An aversion to complexity—at least when communicating with the public—can also be seen in the types of answers politicians now provide the media. The average length of a sound bite by a presidential candidate in 1968 was 42.3 seconds. Two decades later, it was 9.8 seconds. Today, it’s just a touch over seven seconds and well on its way to being supplanted by 140-character Twitter bursts.

Little wonder then that distrust—of leaders, institutions, experts, and those who report on them—is rampant. A YouGov poll conducted last December found that three-quarters of Americans agreed that science is a force for good in the world. Yet when asked if they truly believe what scientists tell them, only 36 per cent of respondents said yes. Just 12 per cent expressed strong confidence in the press to accurately report scientific findings. (Although according to a 2012 paper by Gordon Gauchat, a University of North Carolina sociologist, the erosion of trust in science over the past 40 years has been almost exclusively confined to two groups: conservatives and regular churchgoers. Counterintuitively, it is the most highly educated among them—with post-secondary education—who harbour the strongest doubts.)

The term “elitist” has become one of the most used, and feared, insults in American life. Even in the country’s halls of higher learning, there is now an ingrained bias that favours the accessible over the exacting.

“There’s a pervasive suspicion of rights, privileges, knowledge and specialization,” says Catherine Liu, the author of American Idyll: Academic Antielitism as Cultural Critiqueand a film and media studies professor at University of California at Irvine. Both ends of the political spectrum have come to reject the conspicuously clever, she says, if for very different reasons; the left because of worries about inclusiveness, the right because they equate objections with obstruction. As a result, the very mission of universities has changed, argues Liu. “We don’t educate people anymore. We train them to get jobs.” (Boomers, she says, deserve most of the blame. “They were so triumphalist in promoting pop culture and demoting the canon.”)

The digital revolution, which has brought boundless access to information and entertainment choices, has somehow only enhanced the lowest common denominators—LOL cat videos and the Kardashians. Instead of educating themselves via the Internet, most people simply use it to validate what they already suspect, wish or believe to be true. It creates an online environment where Jenny McCarthy, a former Playboy model with a high school education, can become a worldwide leader of the anti-vaccination movement, naysaying the advice of medical professionals.

Most perplexing, however, is where the stupid is flowing from. As conservative pundit David Frum recently noted, where it was once the least informed who were most vulnerable to inaccuracies, it now seems to be the exact opposite. “More sophisticated news consumers turn out to use this sophistication to do a better job of filtering out what they don’t want to hear,” he blogged.
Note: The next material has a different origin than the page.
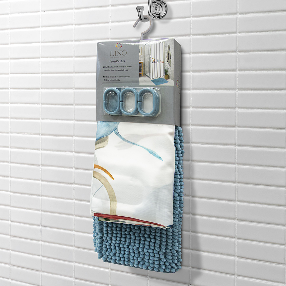 Περιλαμβάνει μία κουρτίνα μπάνιου με δώδεκα πλαστικούς κρίκους

But are things actually getting worse? There’s a long and not-so-proud history of American electors lashing out irrationally, or voting against their own interests. Political scientists have been tracking, since the early 1950s, just how poorly those who cast ballots seem to comprehend the policies of the parties and people they are endorsing. A wealth of research now suggests that at the most optimistic, only 70 per cent actually select the party that accurately represents their views—and there are only two choices.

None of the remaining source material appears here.